# i hope to have a shed soon....



## mking (Apr 25, 2000)

almost convinced the wife to make an offer on this (she likes the kitchen)


----------



## martybauer31 (Jan 27, 2004)

That doesn't look like the Bellevue area to me buddy boy....


----------



## mking (Apr 25, 2000)

*not bellevue*

its renton, 2.3 miles from the downtown renton core, where the transit center is located. my building is next to bellevue's transit center, so its a 5 minute drive to the park and ride lot, then a 20 minute bus ride in the car pool lane to bellueve. 

belleuve is so overpriced for what you get its not even funny. 

its in an odd neighborhood of old ramblers on big lots (1/4-3/4 acre) and new construction on small lots. 

it will serve its purpose, getting me closer to work, the kitchen/dining room/bedroom the wife wants, and the slot space that i want, for about 1/2 what a similar place in belleuve would be. more money left over for controllers


----------



## win43 (Aug 28, 2006)

You think Bellevue is overpriced, you ought to look around here (Port Townsend). Prices are crazy compared to what you get. Wish I had as much slot car space as you might end up with. I have the garage, BUT can't use it in the bad weather (no heat).
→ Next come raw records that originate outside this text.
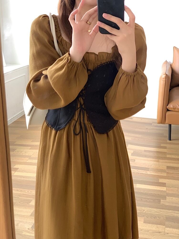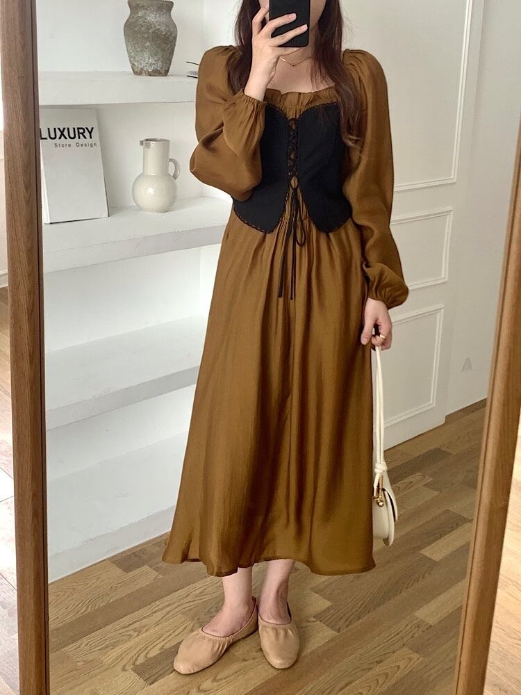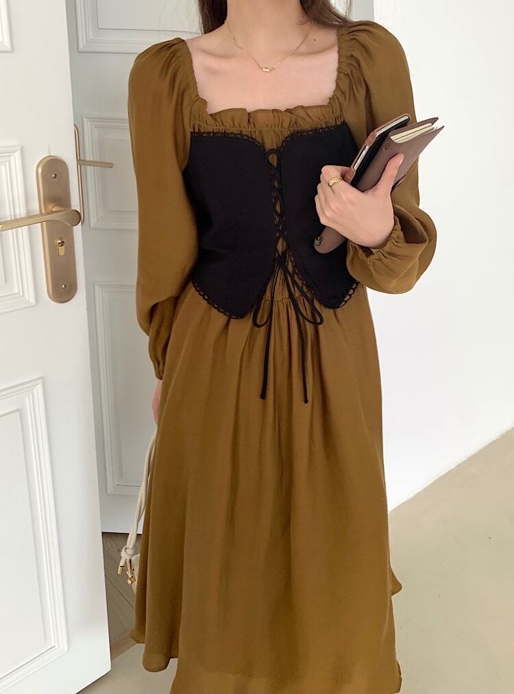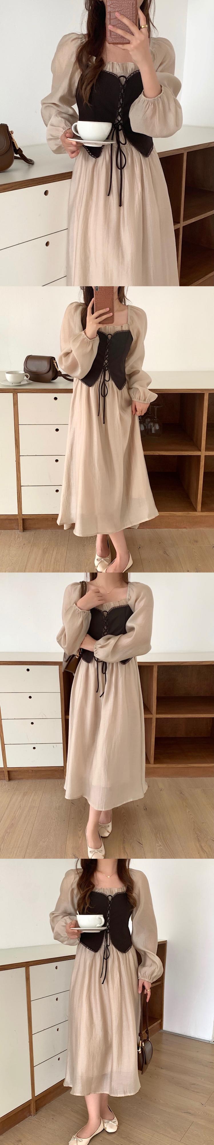 【韓国ファッション】大人可愛い スタイルツーピースプリーツウェストドレス ロング レース レースアップ スクウェア ステッチ ♡ 韓国6552632235 | パリジェンヌ、韓国系ファッション July
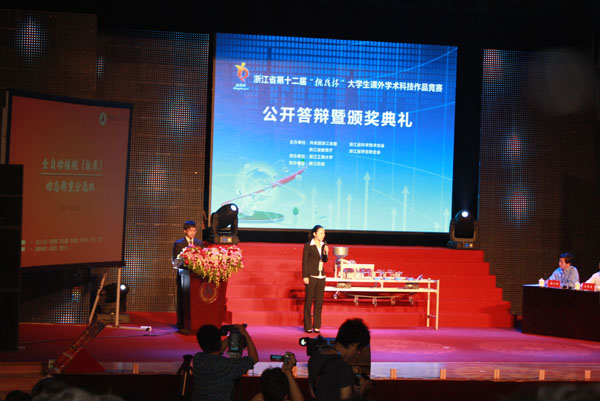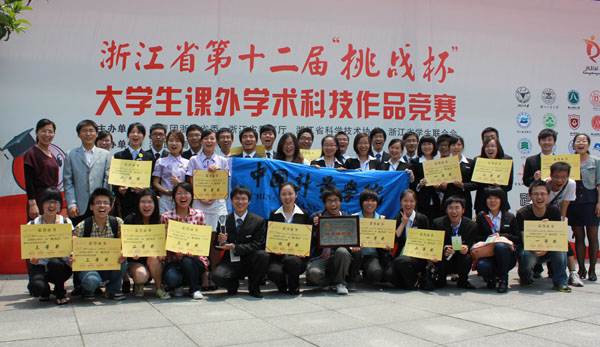 5月26日至28日,由共青团浙江省委、浙江省教育厅、浙江省科学技术协会、浙江省学生联合会共同主办的浙江省第十二届“挑战杯”大学生课外学术科技作品竞赛决赛在浙江工商大学隆重举行,本次竞赛的口号是“心随创意不止,行迎挑战无界”,来自全省40多所高校的作品参加了决赛。在全体队员、指导老师和二级学院的共同努力下,我校学生表现优异,共荣获23项省级奖项,其中特等奖2项,一等奖3项,二等奖11项,三等奖7项的好成绩,这是我校参加省“挑战杯”大学生课外学术科技作品竞赛以来,获奖数量最多,获奖等级最高的一次。同时,学校还获得了本届“挑战杯”竞赛的“优秀组织奖”。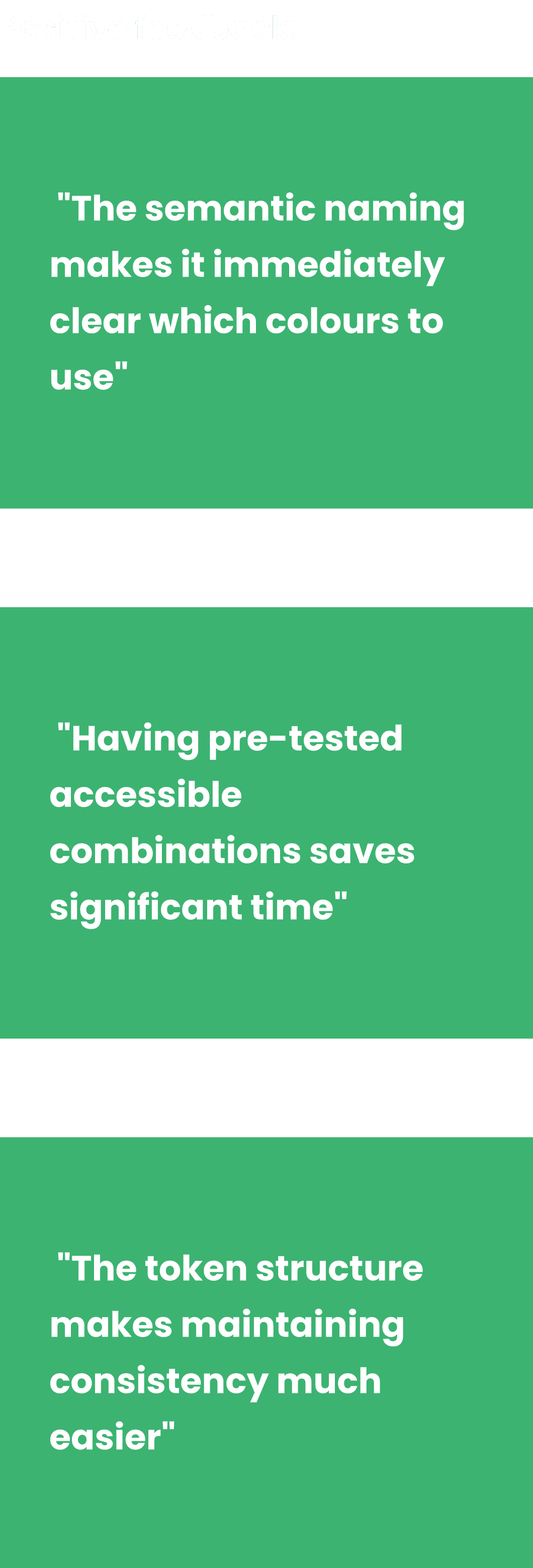 The redesigned colour system established a scalable, accessible foundation that reduced design decision fatigue by 70%, improved WCAG compliance across all platforms, and created a unified visual language that strengthened brand consistency while empowering teams to build faster and more cohesively.
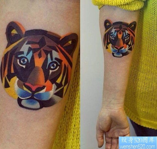 纹身520图库推荐一幅胳膊彩色老虎头文身图片_动物纹身图案大全_纹身图吧

Happy house hunting.

Jerry


----------



## coach61 (Sep 6, 2004)

mking said:


> almost convinced the wife to make an offer on this (she likes the kitchen)


 Or 750 Sq Feet for the wife and the rest slot space? Just a thought, but I suspect your wife is a lot like mine and we'll be happy to get the 350 out in the shed.. lol



Dave


----------



## Bill Hall (Jan 6, 2007)

*That's not Swillview", Dat's Renton!*

That looks killer Mike. Marty's just jealous.

Would you be upwind of the bus garage? They're stinky, noisy places!

BTW, Did Aj's make an infield mower?

Looks like you're gonna need one. If I was an enterprising teen neighbor you'd quickly be my hostage as a good source of lawn mowing income. LOL.

Really Mike, Anything to get you off that miserable I-5/405 grind. Life's to darn short to be idling down the tarmac when you could be playin cars!

I'm glad it's not Bellevue, I'm not allowed there cuz I still use turn signals and maintain 3 to 5 carlengths in traffic. 

C ya Sat in Renton's backyard. Where in the heck is Maple Valley, Wa. anyway? :tongue: 

B.


----------



## martybauer31 (Jan 27, 2004)

Jealous? Nah.... I just remember Mike saying he was looking for homes in Bellevue is all, or maybe I heard wrong. Renton will good as well, cause no one knows where the heck Maple Valley is! 

As long as you turn that track in your garage from the oversized coat rack/tabletop storage unit that it is into the beauty it should be then we're all in business....


----------



## roadrner (Jul 21, 1999)

mking said:


> belleuve is so overpriced for what you get its not even funny.
> 
> rs


And I thought that was only in my neck of the woods. :devil: 

30 miles outside of the Nation's Capital, DC. :freak: rr


----------